Our results have demonstrated that TDP-43-positive cytoplasmic inclusions are heterogeneous and independent of the type of disease progression. Interestingly, TDP-43 cytoplasmic inclusion in ALS MDMi cultures formed under basal conditions without additional stressors, indicating a de novo TDP-43 pathology due to inherently elevated stress levels within these cells. Overall, our findings suggest that TDP-43 mislocalisation in MDMi may have a putative role in contributing to ALS pathology.

Increased DNA damage and NLRP3 inflammasome formation in ALS MDMi

The loss of nuclear TDP-43 in motor neurons has been linked to the accumulation of DNA damage within these cells [68]. Hence, we examined DNA damage using an antibody recognising phosphorylated H2AX (γH2AX), a marker for DNA double-strand breaks (DSBs). Interestingly, there was a significantly increased population of MDMi with γH2AX foci in ALS (30%) compared to HC (4%) (Fig. 4a, b). Moreover, we found that a subset of phosphorylated γH2AX positive ALS MDMi showed pan-nuclear staining, a characteristic that was absent in HC (Additional file 1: Fig. S3b, c). These pan-nuclear γH2AX structures are formed by clusters of γH2AX foci and are mechanistically and morphologically distinct from γH2AX foci [69].

Fig. 4
figure 4

ALS MDMi display DNA damage and NLRP3 inflammasome formation. a Representative immunofluorescence images of ALS MDMi showing γH2AX (green), Iba1 (magenta), and DAPI counterstain (blue). Enlarged images on the top right indicates γH2AX foci in ALS MDMi. b Increased percentage of MDMi containing γH2AX foci in ALS (n = 4) compared to HC MDMi (n = 4, Day14). 60 cells per individual. Formula is as follows (number of cells containing γH2AX foci / total number of cells)*100. c Representative immunofluorescence images of HC and ALS MDMi showing NLRP3 (green), ASC (red) and DAPI counterstain (blue). NLRP3 in HC (top panel) does not co-localise with ASC, while ASC speck was co-localised with NLRP3 in ALS MDMi suggesting inflammasome formation. d Colocalisation (Pearson’s colocalisation efficiency) between NLRP3 and ASC in HC and ALS MDMi. HC: n = 4, ALS: n = 4, 10 cells per individual. All HC and ALS MDMi cultures were differentiated for 14 days and were unstimulated. Data were first tested for normality using Shapiro–Wilk test. Statistical analysis between two groups was performed using Student’s t test. ASC: apoptosis-associated speck-like protein containing a CARD; NLRP3: NLR family pyrin domain containing 3. Values are mean ± SD (*P < 0.05, ****P < 0.0001).

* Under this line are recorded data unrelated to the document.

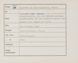 Maskingenkendt tekst fra fotokuvert: Husmandsskolen var som bekendt gestapo-hovedkvarter for Fyn igennem længere tid. Skolen blev bombet af R.A.F.
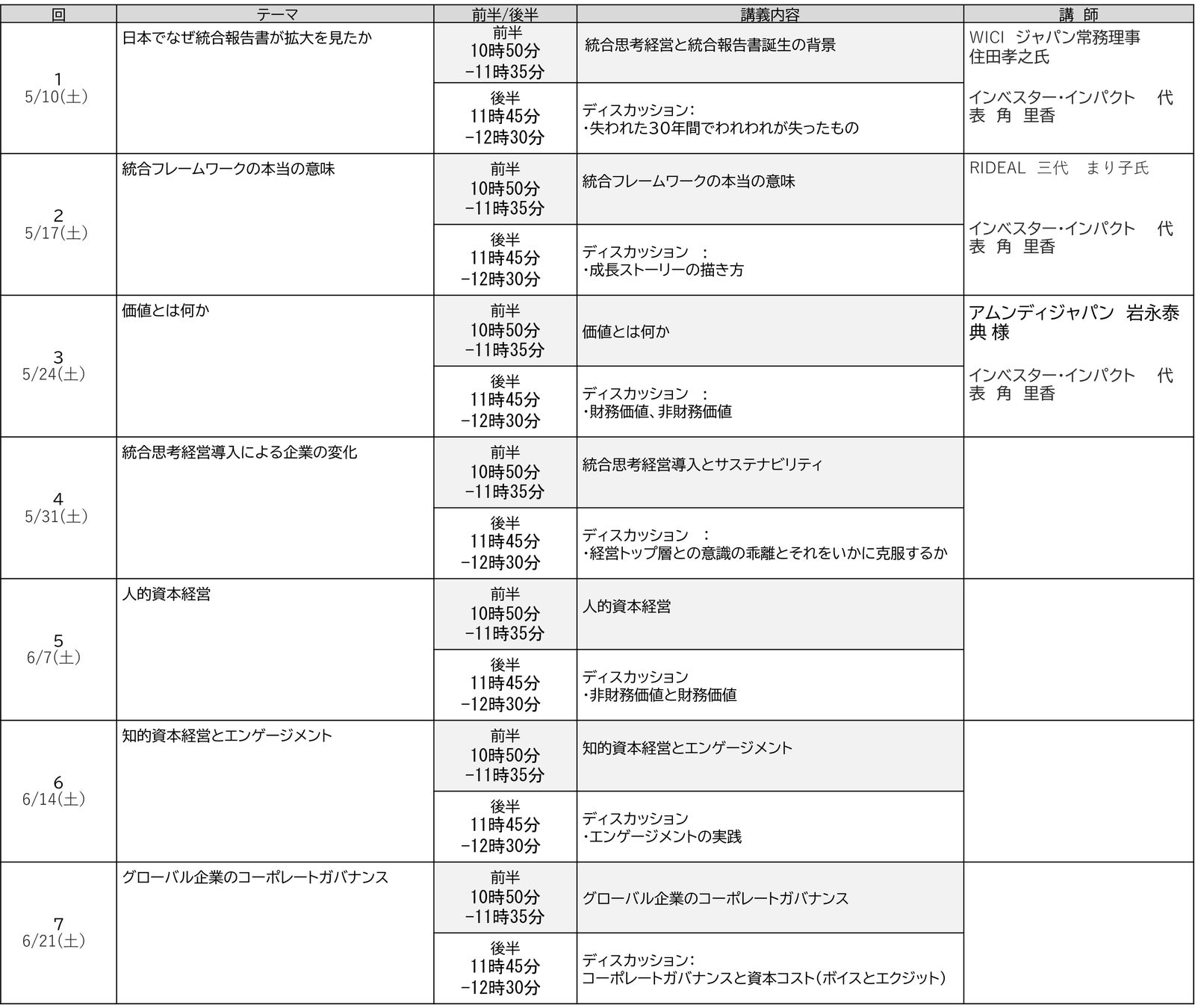 講義と議論を通じて、統合報告書の未来を理解するプログラムになります。
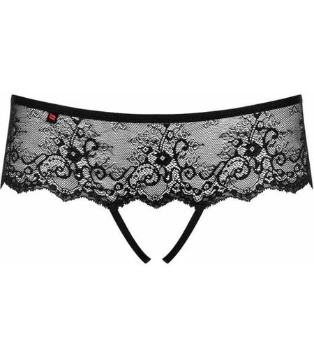 Ce splendide Tanga Ouvert Merossa noir de la marque de lingerie sexy Obsessive, est un composé de sublime dentelle noire transparente. Deux petites ouvertures sur l'avant et l'arrière du tanga viendront donner une touche de sensualité à votre tenue. Votre partenaire sera ravi de voir ce délicieux tanga sur vous, vos parties intimes seront à moitié et vont très vite lui suggérer de nombreuses idées coquines ! La composition est de 90% Polyamide et 10% Elasthanne. Lavable en Machine. Tailles S/M, L/XL. ...
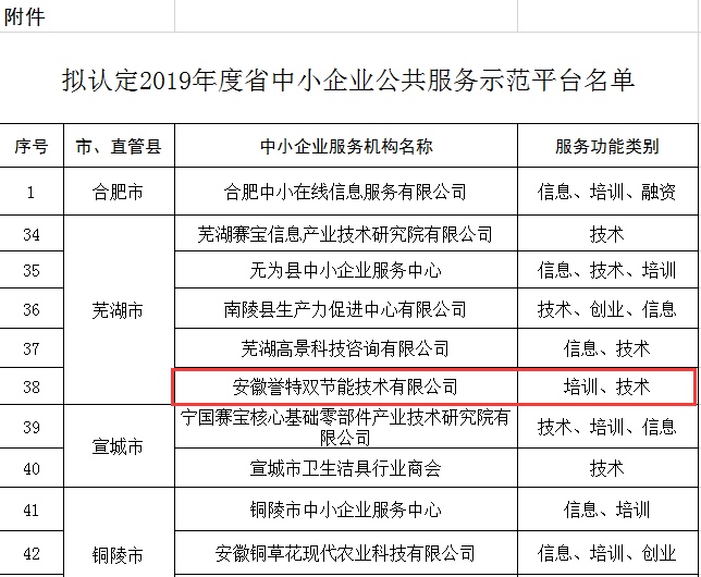 12月30日,我公司經(jīng)安徽省經(jīng)信廳認(rèn)定為2019年度省中小企業(yè)公共服務(wù)示范平臺(tái),本次全省共計(jì)評(píng)選出54家中小企業(yè)公共服務(wù)示范平臺(tái),其中蕪湖5家。
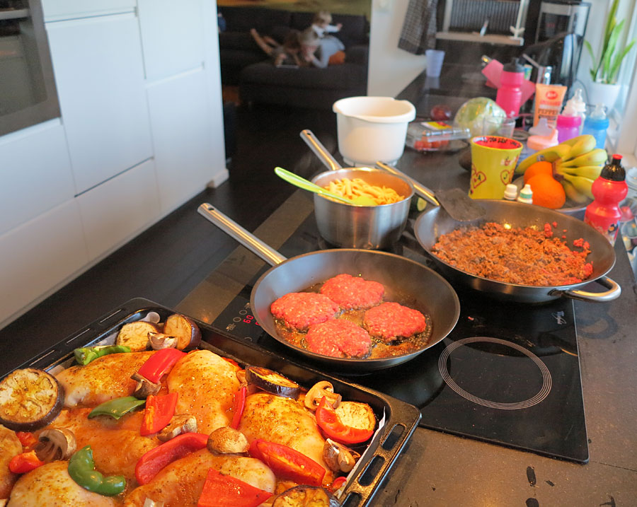 Det är viktigt med egentid, att hinna sakna och få distans till vad man faktiskt har och det går ruskigt snabbt att komma tillbaka till vardagen. Jonas och barnen vällde in med pussar, kramar, bråk, bad och hårtvätt x 4, storhandling och nu – storkok inför veckan medan jag skickat trötta pappan på uppiggande kur till gymmet. Som vanligt gör jag för många saker samtidigt och har både fixat köttfärsås med pasta, en plåt kycklingfilé att ha till stressiga dagar i veckan, samt hamburgare till dagens middag.
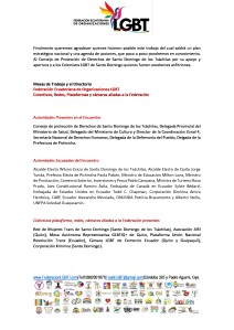 Finalmente queremos agradecer quienes hicieron posible este trabajo del cual saldrá un plan estratégico nacional y una agenda de acciones, que poco a poco pondremos en conocimiento. Al Consejo de Protección de Derechos de Santo Domingo de los Tsáchilas por su apoyo y apertura y a los Colectivos LGBT de Santo Domingo quienes fueron excelentes anfitriones.
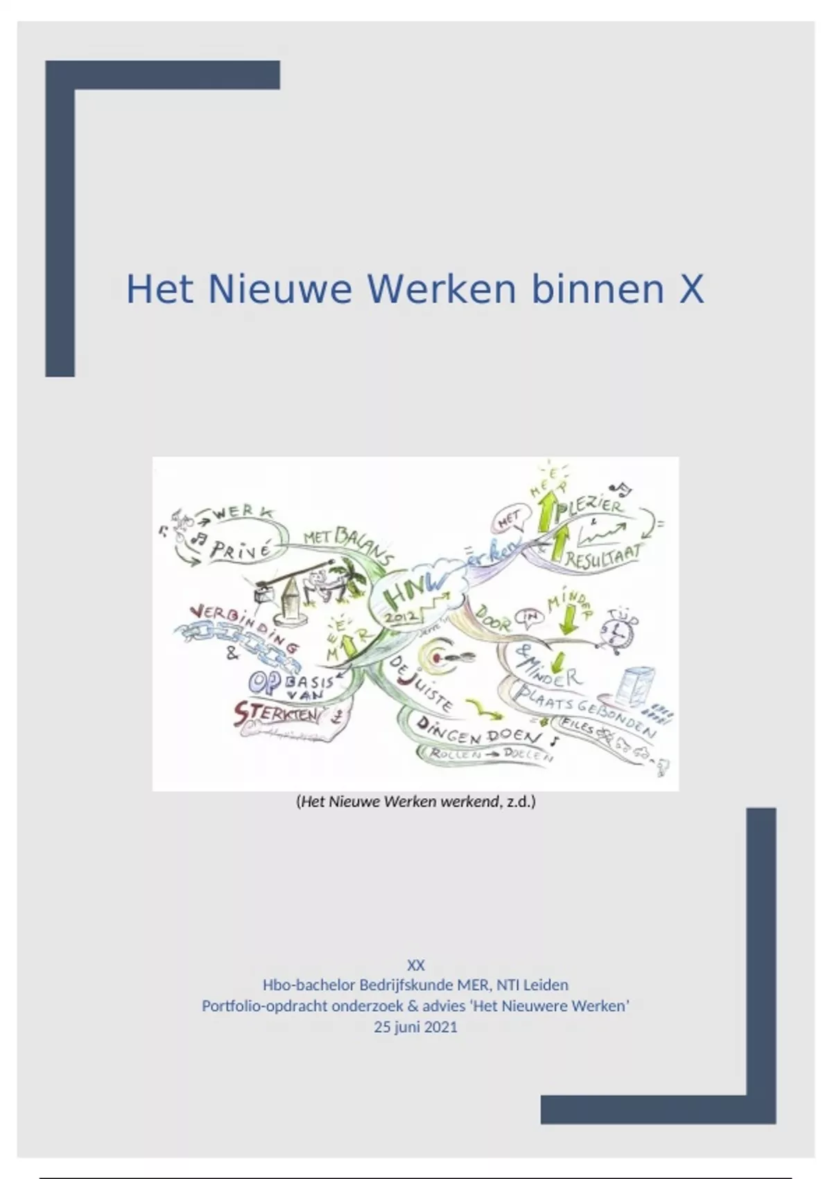 In maart 2020 brak het coronavirus uit, wat ervoor zorgde dat Het Nieuwe Werken in een hoog tempo is ingevoerd binnen X. Hieruit konden de werknemers zelf hun werktijden bepalen. Daarbij werd er voornamelijk vanuit huis gewerkt. Vanuit een klein onderzoek bij de medewerkers kwam naar voren dat 65% van de medewerkers liever niet meer vanuit huis wilt werken en ook geen flexibiliteit wil rondom de werktijden. De overige 40% van de werknemers is wel tevreden met de flexibiliteit en het indelen van hun eigen werktijden. Hieruit is een probleemdefinitie voortgevloeid en een vragenlijst opgesteld (hoofdstuk 1). Vervolgens is er literatuuronderzoek gedaan naar Het Nieuwe Werken, arbeidstevredenheid, de risico’s van Het Nieuwe Werken en de relatie tussen Het Nieuwe Werken en arbeidstevredenheid. Vanuit het onderzoek zijn de eerste vier deelvragen beantwoord (hoofdstuk 2). Na het literatuuronderzoek is de methode(n) van onderzoek in kaart gebracht. Hierbij wordt de methodologie, validiteit en betrouwbaarheid van het onderzoek besproken (hoofdstuk 3). Hierna is de vragenlijst bij de respondenten afgenomen en zijn de resultaten geanalyseerd en beschreven (hoofdstuk 4). Vervolgens is in de conclusie de empirische deelvragen beantwoord en wordt in de discussie de sterke en zwakke kanten van het onderzoek besproken (hoofdstuk 5). In hoofdstuk 6 zijn er drie manieren naar voren gekomen om de gewenste doelstelling van X te realiseren. Hierbij zijn de voor- en nadelen van de alternatieven besproken en is er een advies gegeven. Nadat er een oplossingsalternatief is gekozen (hoofdstuk 7) wordt deze doormiddel van een implementatieplan ingevoerd. Hierin is het communicatieplan en beheersplan (kosten en baten) opgenomen. Ook is er een risicoanalyse gemaakt. Als laatste wordt er, door middel van de STARR-methode, gereflecteerd op dit onderzoek (hoofdstuk 8).
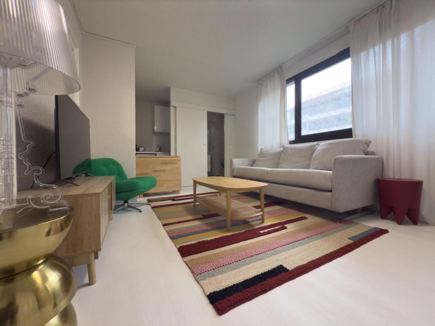 Cet appartement compte 1 chambre, un salon comportant une télévision à écran plat, et une cuisine entièrement équipée.
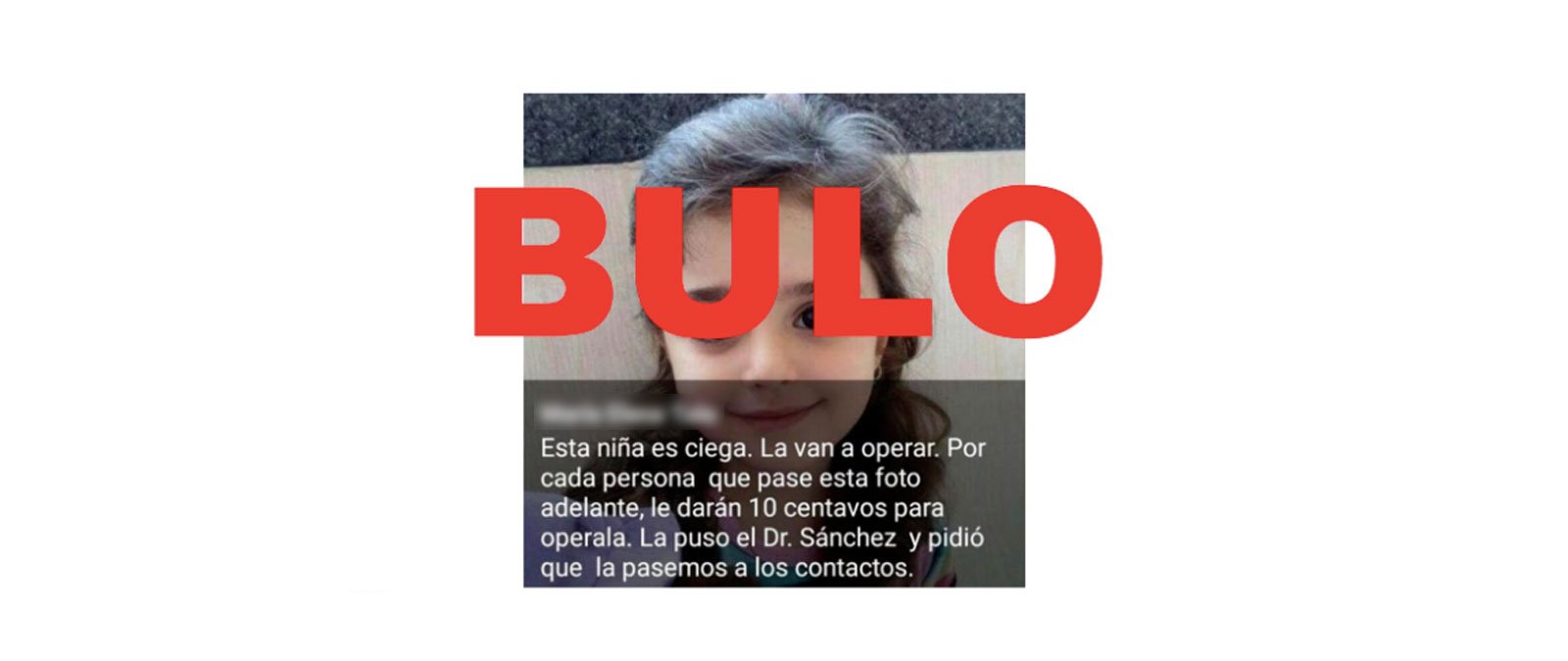 Vuelve a moverse la foto de una niña "ciega" a la que supuestamente van a operar en la que se asegura que por cada vez que sea difundida se recaudarán "10 centavos". Es un bulo que ya desmentimos hace un tiempo en Maldita.es pero que ha vuelto a circular en los últimos días.
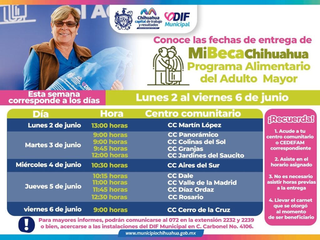 En atención al compromiso que el Gobierno Municipal tiene con las y los adultos mayores de Chihuahua Capital, para garantizarles una mejor calidad de vida, a través del DIF, se informa a las y los solicitantes del Programa Alimentario del Adulto Mayor (PAAM) los centros comunitarios y horarios en los que podrán acudir por su paquete alimentario del 02 al 06 de junio.
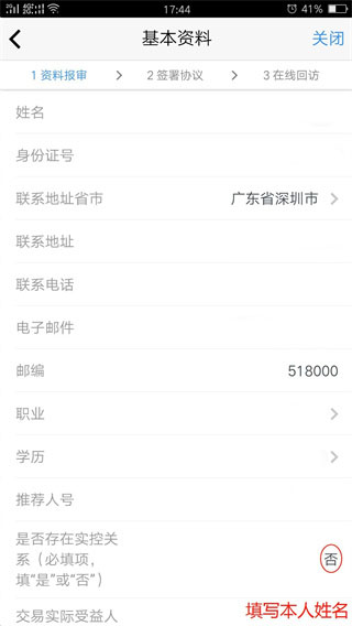 6、进入“基本资料”页面。正常情况下“客户姓名”、“身份证号”会自动读取,请核对此信息是否正确,不符可进行修改。完善本页面所要求填写的信息。“是否存在实控关系”项,填写“否”;“交易实际受益人”,填写“本人”。点击“下一步”按钮。
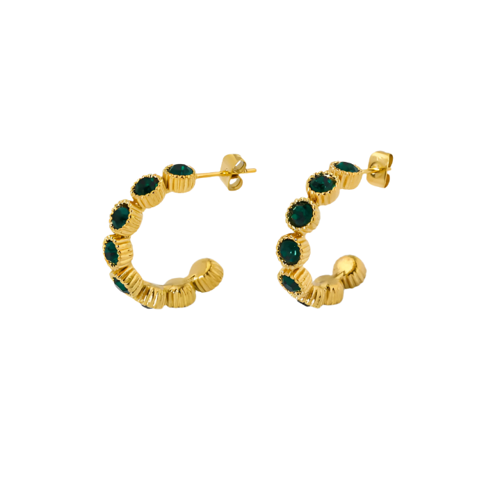 The green zircon stones add a pop of color and shine to these beautiful hoops. For the fashionable woman looking to add a touch of color to her jewelry collection.
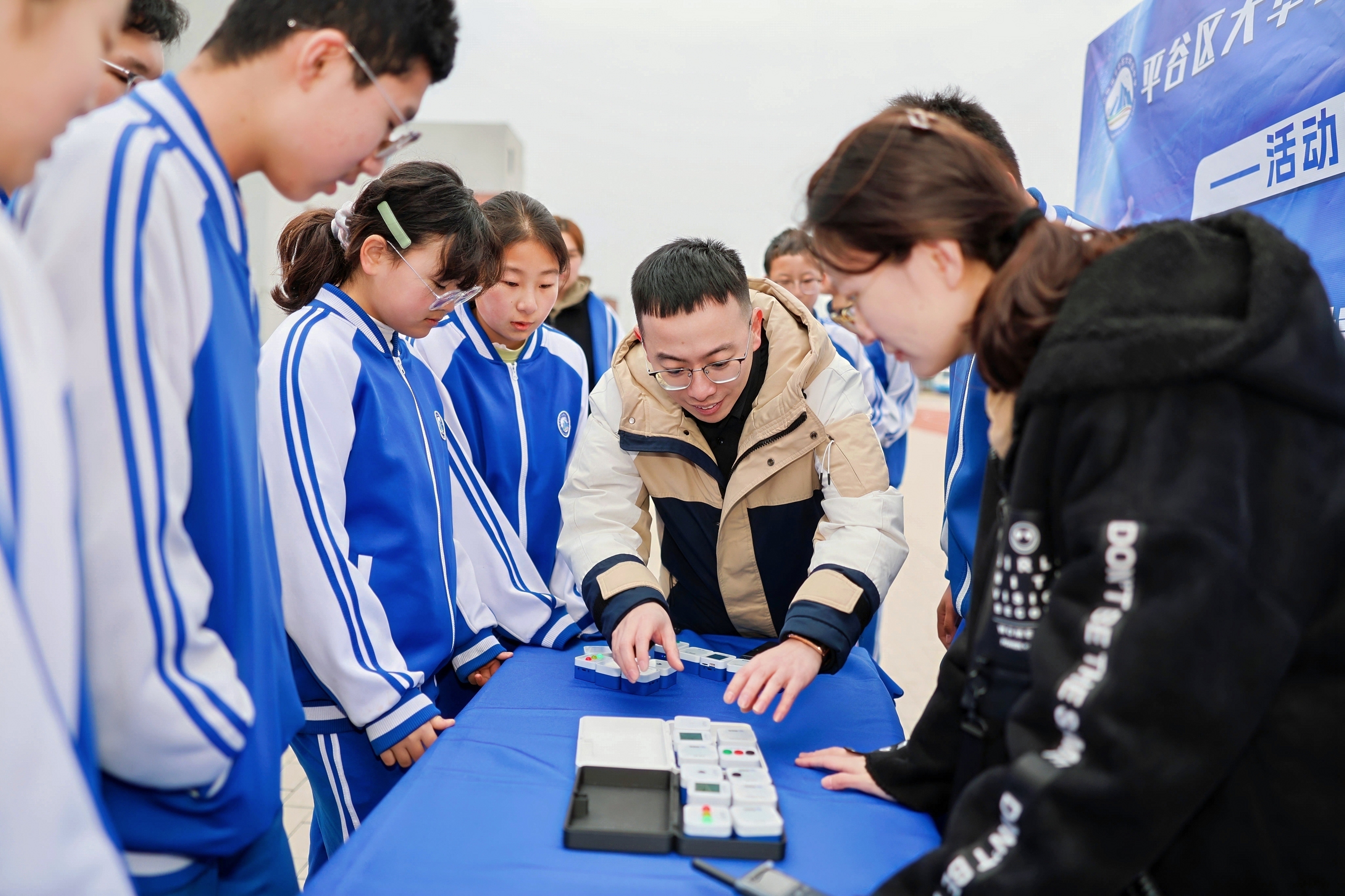 活动期间,平谷区教委副主任平玉新与学生亲切交流,认真倾听大家对兴趣社团发展的意见与建议,并对学生提出的增设基础编程课的需求予以高度关注。
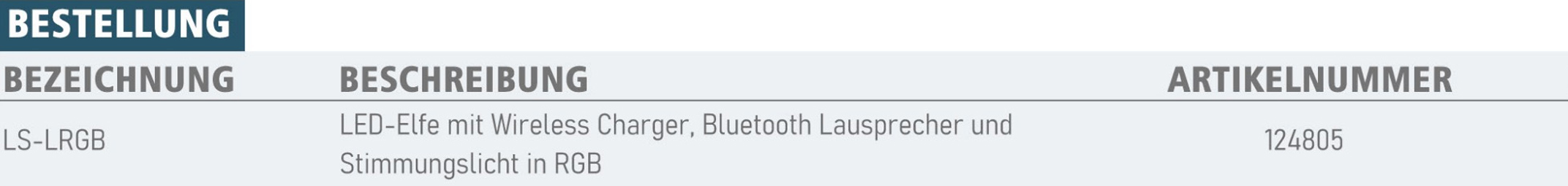 LED-Elfe mit Wireless Charger, Bluetooth Lautsprecher und Stimmungslicht in RGB
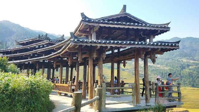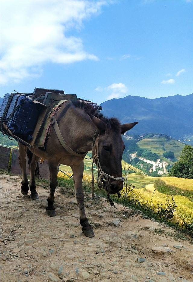 因为知道节假日人多车多,所以没有选择自驾,而且是要进山的,对路况也不熟悉所以选择了一日游的8人团,结果这个选择非常对。说是8个人的团,其实相当于是8个人拼车到梯田,因为没有导游就一个司机,司机把我们带到了景点就自由活动。只是我们没有选择索道上山,因为要排老长的队了,所以我们是徒步上山的,其实出来旅游就是要接地气嘛,哈哈(非节假日的话,建议自驾游,如果不赶时间的话建议住一晚,最好是租山顶的酒店,早上醒来看日出。路线建议:第一天坐索道上山可以俯看梯田——徒步下山[往另一座山的方向]——徒步上山顶[住这边山顶的酒店,这边山顶海拔要高一点]——第二天早上看日出——下山)下次去我就打算这么玩,梯田四季的景色都不一样,如果你没赶上稻田成熟时期去也没关系,水田,旱田,绿田都很壮观的。

Scale bars = 50 µm

The activation of NOD-leucine rich repeat and pyrin containing protein 3 (NLRP3) inflammasome complex has been observed in the microglia from mouse models of ALS [70, 71] and brain tissue samples from ALS patients [72, 73]. The assembly of the inflammasome complex involves the upregulation of the NLRP3 protein, the recruitment of ASC adapter protein, and caspase-1. This leads to the cleavage of pro-IL1 β and pro-IL-18 followed by the release of mature IL-1β and IL-18 cytokines and subsequent pyroptotic cell death [74]. When the inflammasome is activated, cytosolic ASC assembles into a singular, perinuclear, speck-like structure that colocalises to NLRP3 [75]. Microglial NLRP3 inflammasomes can be activated by toxic ALS proteins, such as TDP-43 [70]. Here, we observed inflammasome formation by the presence of a perinuclear ASC speck structure that colocalised with NLRP3 protein in a small subset of ALS MDMi (3%) (Fig. 4c). Pearson's colocalisation efficiency further confirmed this colocalisation between NLRP3 and ASC in ALS MDMi (PCC; P > 0.0001) compared to HC MDMi (Fig. 4d). Additionally, not all ASC foci colocalised with NLRP3, suggesting that other inflammasomes may be involved in this process. Moreover, inflammasome formation could induce pyroptosis in microglia [71]. Therefore, low inflammasome formation in ALS MDMi may reflect the ability to capture inflammasome formation before pyroptosis takes place. No colocalisation of ASC protein and NLRP3 inflammasome was observed in HC MDMi. The formation of NLRP3 inflammasome was also cell-specific and was independent of sex and the disease subgroup, indicating a broader dysregulation within ALS MDMi. Together, these results demonstrate the ability of MDMi to reflect a range of potential pathogenic pathways, which may be the key to elucidating the role of TDP-43 in ALS.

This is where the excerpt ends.